* [RECORDS FOR THIS TASK]:
============

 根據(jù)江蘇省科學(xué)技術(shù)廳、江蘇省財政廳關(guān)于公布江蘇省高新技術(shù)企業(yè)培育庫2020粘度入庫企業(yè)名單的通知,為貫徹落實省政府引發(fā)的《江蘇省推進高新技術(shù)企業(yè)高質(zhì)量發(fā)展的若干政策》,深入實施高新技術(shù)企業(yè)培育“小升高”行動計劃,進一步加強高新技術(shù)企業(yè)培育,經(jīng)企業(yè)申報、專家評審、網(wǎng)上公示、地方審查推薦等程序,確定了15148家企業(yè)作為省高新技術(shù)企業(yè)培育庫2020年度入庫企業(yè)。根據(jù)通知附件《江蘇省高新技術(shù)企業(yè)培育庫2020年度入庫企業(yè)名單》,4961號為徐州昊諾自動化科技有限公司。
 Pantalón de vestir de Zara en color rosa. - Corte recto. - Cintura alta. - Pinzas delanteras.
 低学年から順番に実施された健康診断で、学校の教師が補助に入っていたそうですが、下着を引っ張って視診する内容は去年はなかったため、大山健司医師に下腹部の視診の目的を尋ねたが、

============

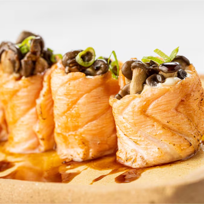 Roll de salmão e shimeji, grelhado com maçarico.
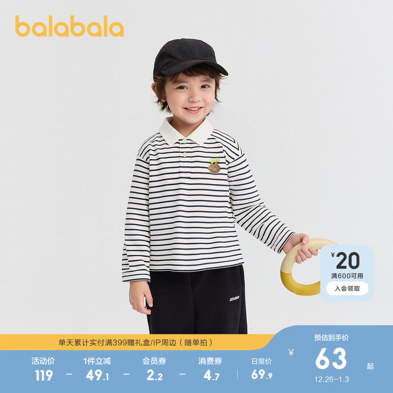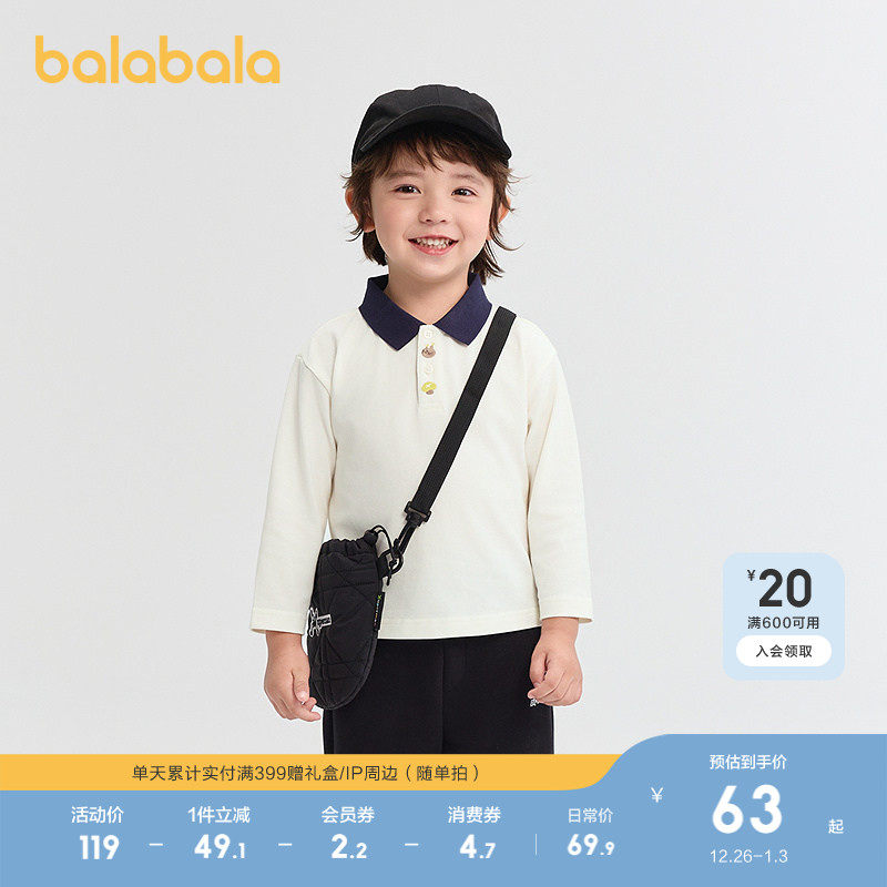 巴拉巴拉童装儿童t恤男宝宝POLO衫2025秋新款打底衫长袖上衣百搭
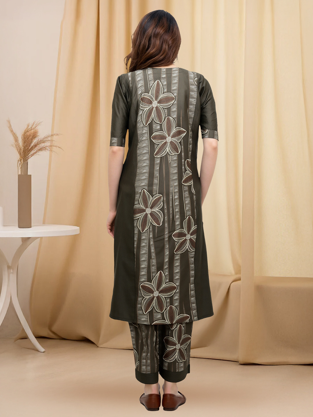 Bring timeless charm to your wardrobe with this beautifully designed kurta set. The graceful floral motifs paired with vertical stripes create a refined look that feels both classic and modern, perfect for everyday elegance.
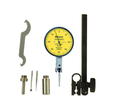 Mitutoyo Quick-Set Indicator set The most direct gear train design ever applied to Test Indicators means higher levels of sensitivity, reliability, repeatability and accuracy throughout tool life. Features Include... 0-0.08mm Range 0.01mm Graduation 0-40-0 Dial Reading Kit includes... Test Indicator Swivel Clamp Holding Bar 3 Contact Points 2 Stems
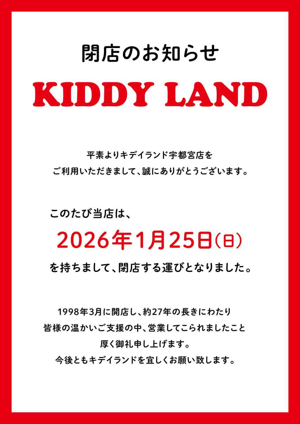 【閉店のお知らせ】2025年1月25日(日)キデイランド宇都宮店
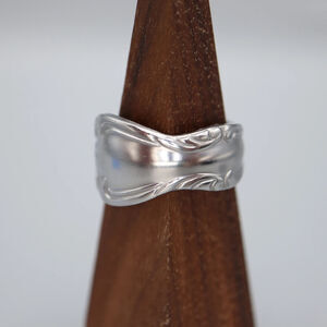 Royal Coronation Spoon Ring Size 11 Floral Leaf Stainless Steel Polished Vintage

============

* [EXERCISE GOAL]: The expected answer is an exact copy of the lines above, beginning at the line with "根據(jù)江蘇省科學(xu" and ending at the line with "低学年から順番に実施された健", with both ends in.

* [SOLVED EXERCISE]:
 根據(jù)江蘇省科學(xué)技術(shù)廳、江蘇省財政廳關(guān)于公布江蘇省高新技術(shù)企業(yè)培育庫2020粘度入庫企業(yè)名單的通知,為貫徹落實省政府引發(fā)的《江蘇省推進高新技術(shù)企業(yè)高質(zhì)量發(fā)展的若干政策》,深入實施高新技術(shù)企業(yè)培育“小升高”行動計劃,進一步加強高新技術(shù)企業(yè)培育,經(jīng)企業(yè)申報、專家評審、網(wǎng)上公示、地方審查推薦等程序,確定了15148家企業(yè)作為省高新技術(shù)企業(yè)培育庫2020年度入庫企業(yè)。根據(jù)通知附件《江蘇省高新技術(shù)企業(yè)培育庫2020年度入庫企業(yè)名單》,4961號為徐州昊諾自動化科技有限公司。
 Pantalón de vestir de Zara en color rosa. - Corte recto. - Cintura alta. - Pinzas delanteras.
 低学年から順番に実施された健康診断で、学校の教師が補助に入っていたそうですが、下着を引っ張って視診する内容は去年はなかったため、大山健司医師に下腹部の視診の目的を尋ねたが、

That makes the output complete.